Like follow requests, accept follow requests, making posts, et cetera, right?
And that's where you write your ETLs to actually, right, that's you're making a function from data to indexes.
So that's the mindset, I guess, you use when using Rama.
And the great thing is that you're able to do all this stuff,
all this flexibility on top of a single platform.
And one of the really nice consequences of this
is how much it simplifies deployment.
Like when you look at companies building applications at scale,
like deployment engineering is no joke.
Like it is really costly.
Like you often have entire teams only doing that,
writing sometimes millions of lines of code and conversion.
And none of that code has,
there's no business logic in any of that code.
It's pure complexity.
It's plumping and putting bits on boxes.
It's crazy.
Like it's really wild.
Now with Rama being such an integrated platform,
when you can deploy your whole thing on one system, well, Rama understands how to deploy and update Rama applications.
That's like the core parts of the platform.
So it's able to do it in a general purpose way with all the best practices just built into the system so that you can take an existing application that you have running, which is called a module in Rama.
And you can say, I want to update it.
And we spend a lot of time on module update.

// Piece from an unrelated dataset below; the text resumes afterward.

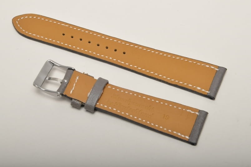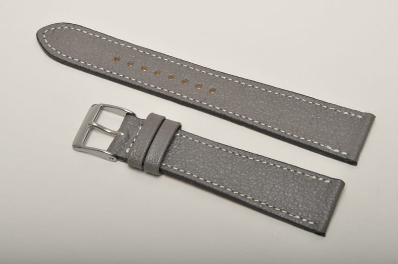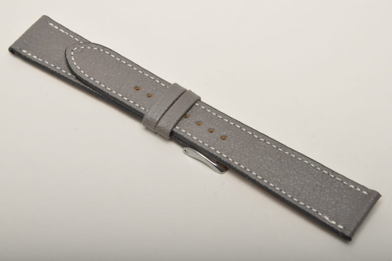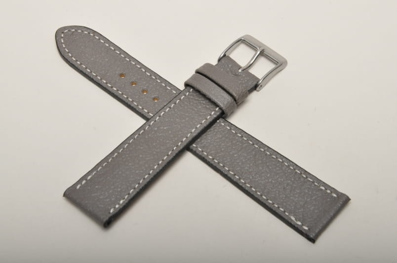 Wierzch paska wykonany z naturalnej skóry cielęcej, z delikatną fakturą Wykończenie na półpołysk. Futrówka z delikatnej w dotyku, najwyższej jakości skóry używanej przez uznanych producentów m.in. Hermes. Płaski i miękki. Pasek przeszyty białą nicią. Dwie szlufki, metalowa klamerka. Mocno przewężany, elegancki pasek do cienkich oraz mniej typowych zegarków, nadający im klasyczny charakter.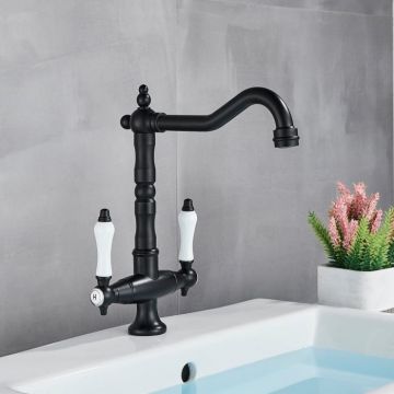 Baterie bucatarie Rea Castor, cu 2 funcții de curgere a apei, negru mat

So it's completely fault tolerant.
It does the transition very, very smoothly
to transition responsibility between the two versions.
All the stuff people are doing manually
and in a very complex way currently.
So all that stuff is just free.
Because it's a general purpose platform,
it's able to implement it in a general purpose way.
And then boom.
Now as a developer,
you don't really have to worry about that anymore,
which is like,
I think one of the most like brutal costs of the a la carte model is,
is the fact that you have engineered deployment yourself.
Oh,
for sure.
Now the other,
yeah,
the other really nice consequence is monitoring,
right?
So Rama being such a general purpose platform, it's able to implement monitoring.
Like monitoring is the same thing, right?
Monitoring is you're collecting data, you're materializing using that data, and you need to have a way to query that data.
So Rama actually implements monitoring using itself.
So there's a built-in Rama module, which collects data and then materializes telemetry on that data.
Sorry, it's collecting the data from all the other modules and then materializing using that data.
And then it has a built-in cluster UI where you get very deep and detailed telemetry
on all aspects of your module or of all your modules, which I think it's really cool that
it's able to just be like recursive likeive like that. Rama is just using itself to implement telemetry.
It's not doing anything special.
The telemetry module is exactly the same like any other module.
So how much Rama helps on deployment and monitoring?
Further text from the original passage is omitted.